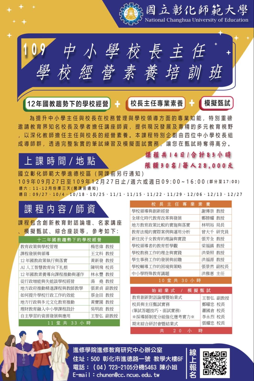 轉知國立彰化師範大學進修學院推廣教育109年「中小學校長、主任經營素養培訓班」招生簡章
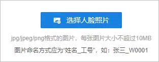 3、点击“上传照片”,选择一张该人员的清晰正面照作为刷脸考勤或开门的比对图。注意照片必须保证正面五官清晰、无口罩帽子、光线均匀明亮、无修图。
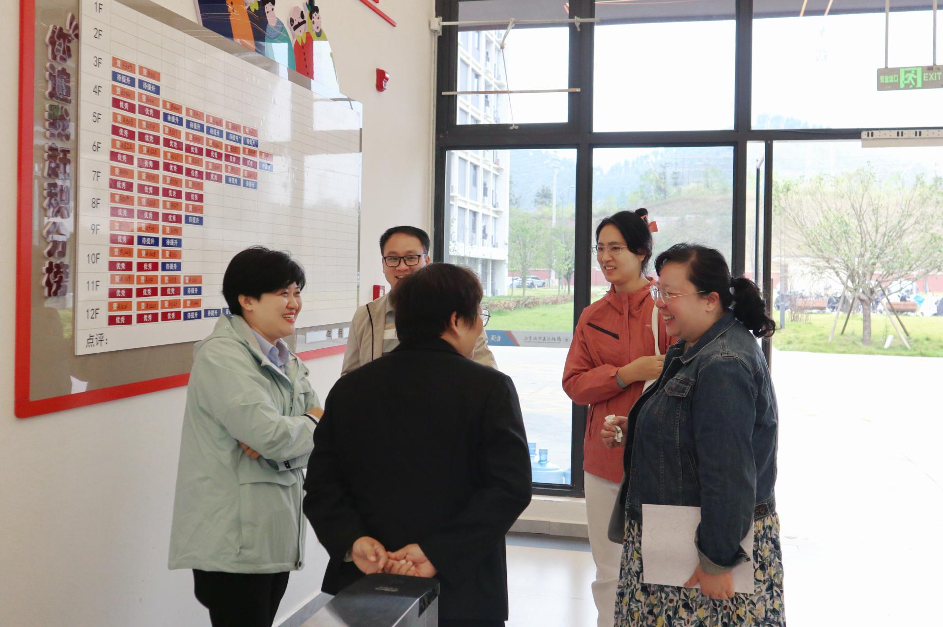 会后,桂林学院一行实地参观了beat365学生公寓,全面了解了公寓的文化建设、基础设施建设以及特色服务项目。他们深入学生宿舍,查看了宿舍的卫生保持情况和设施配置状况,并与学生进行亲切交流,深入了解学生的生活习惯与需求。
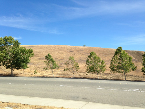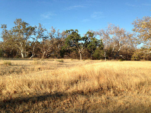 The trees in this photo are big because there is an aroyo right behind them. Aroyo = stream, many things in California have Spanish-based names because of the settlement history of the state.
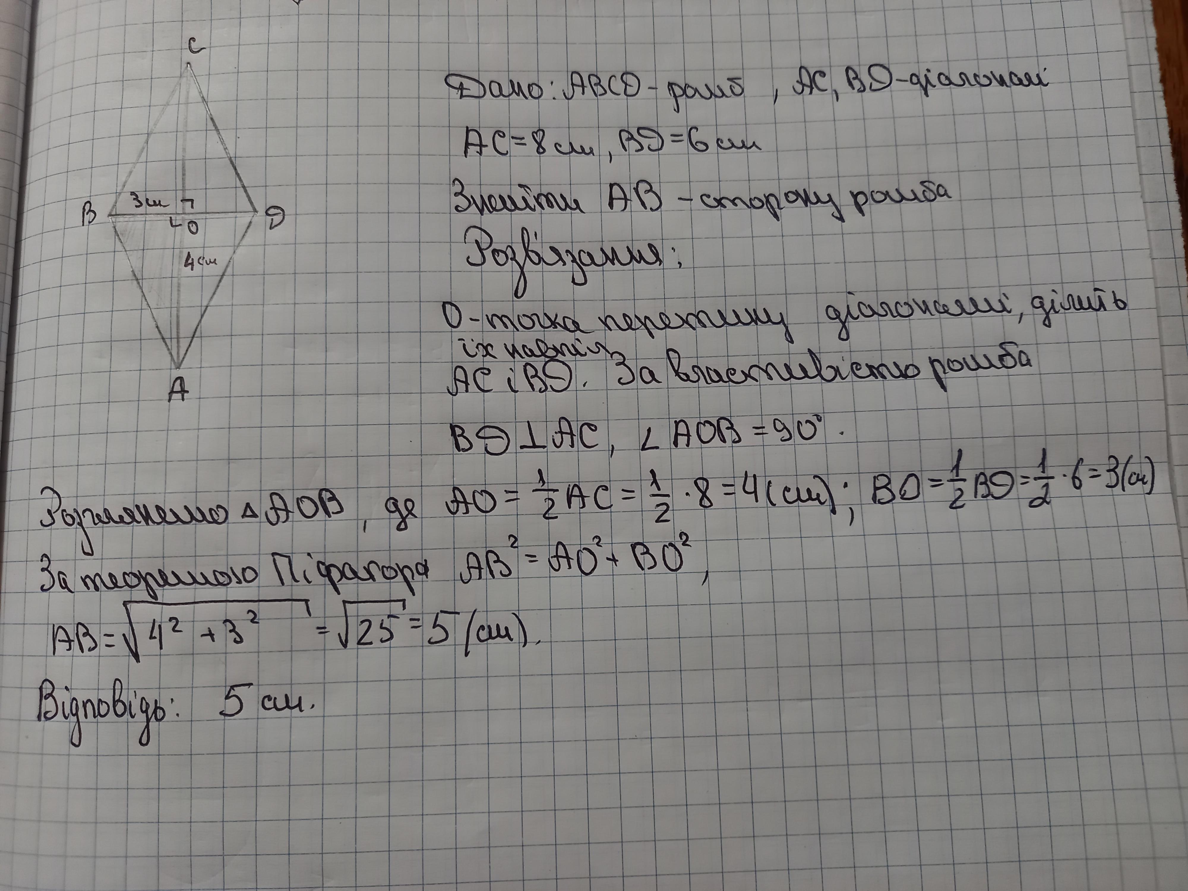 АВСД-ромб у якому АС=8см,ВС=6см.Знайдіть довжину АВ
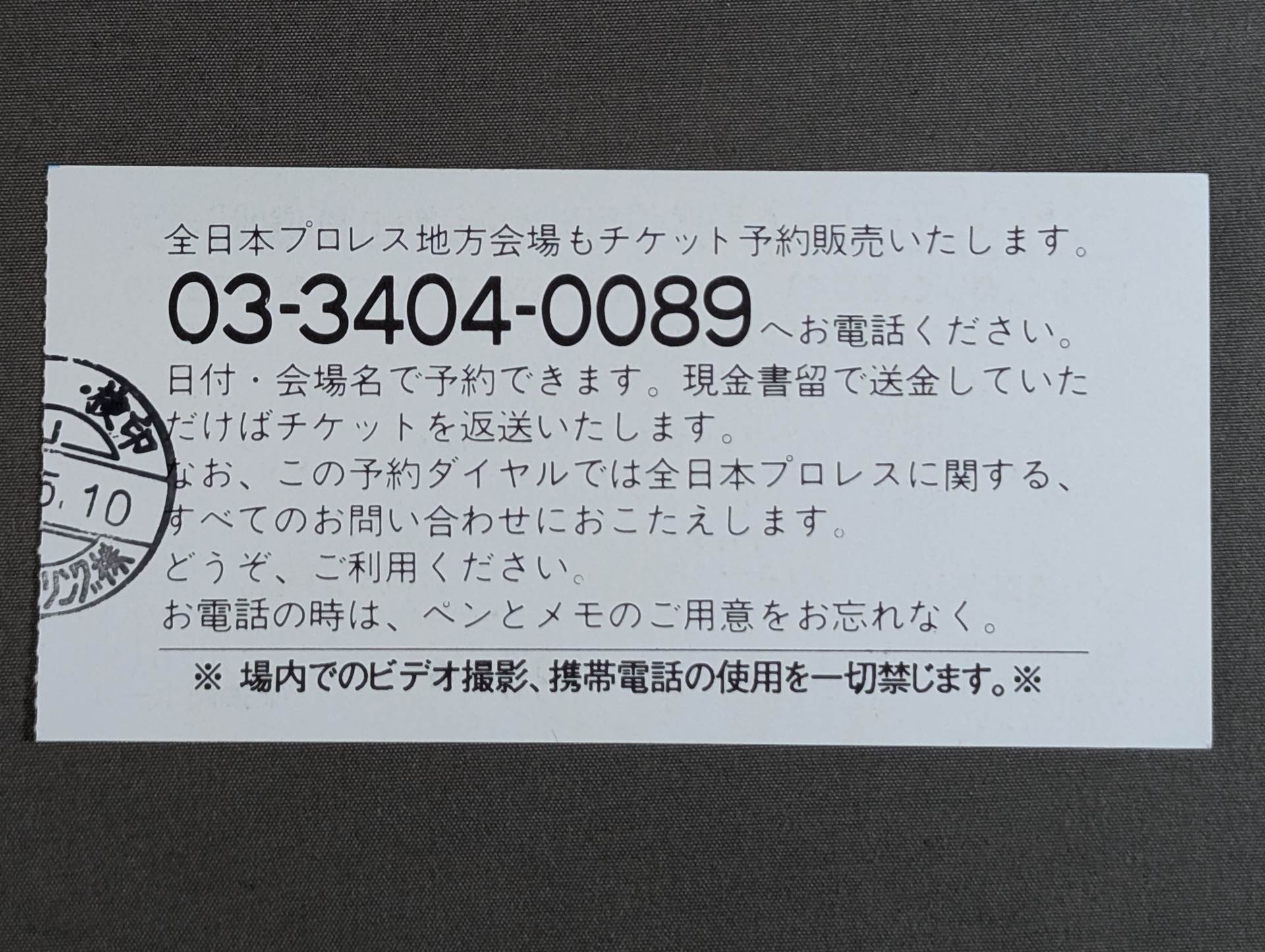 指定席 南側P列28番 / ジャイアント馬場&三沢光晴&本田多聞vsスタン・ハンセン&ジョニー・エース&パトリオット
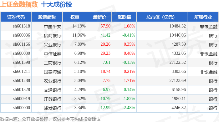 证券之星消息,10月20日,上证金融(000038)指数报收于5713.79点,涨0.23%,成交457.64亿元,换手率0.32%。当日该指数成份股中,上涨的有18家,中国人寿以4.14%的涨幅领涨,下跌的有12家,浦发银行以2.48%的跌幅领跌。
++++++
What you will do: All lines from the one containing "指定席 南側P列28番 /" through the end of the data are to be written out exactly, with nothing added; skip the pictures.

Solution for this problem:
 指定席 南側P列28番 / ジャイアント馬場&三沢光晴&本田多聞vsスタン・ハンセン&ジョニー・エース&パトリオット
 证券之星消息,10月20日,上证金融(000038)指数报收于5713.79点,涨0.23%,成交457.64亿元,换手率0.32%。当日该指数成份股中,上涨的有18家,中国人寿以4.14%的涨幅领涨,下跌的有12家,浦发银行以2.48%的跌幅领跌。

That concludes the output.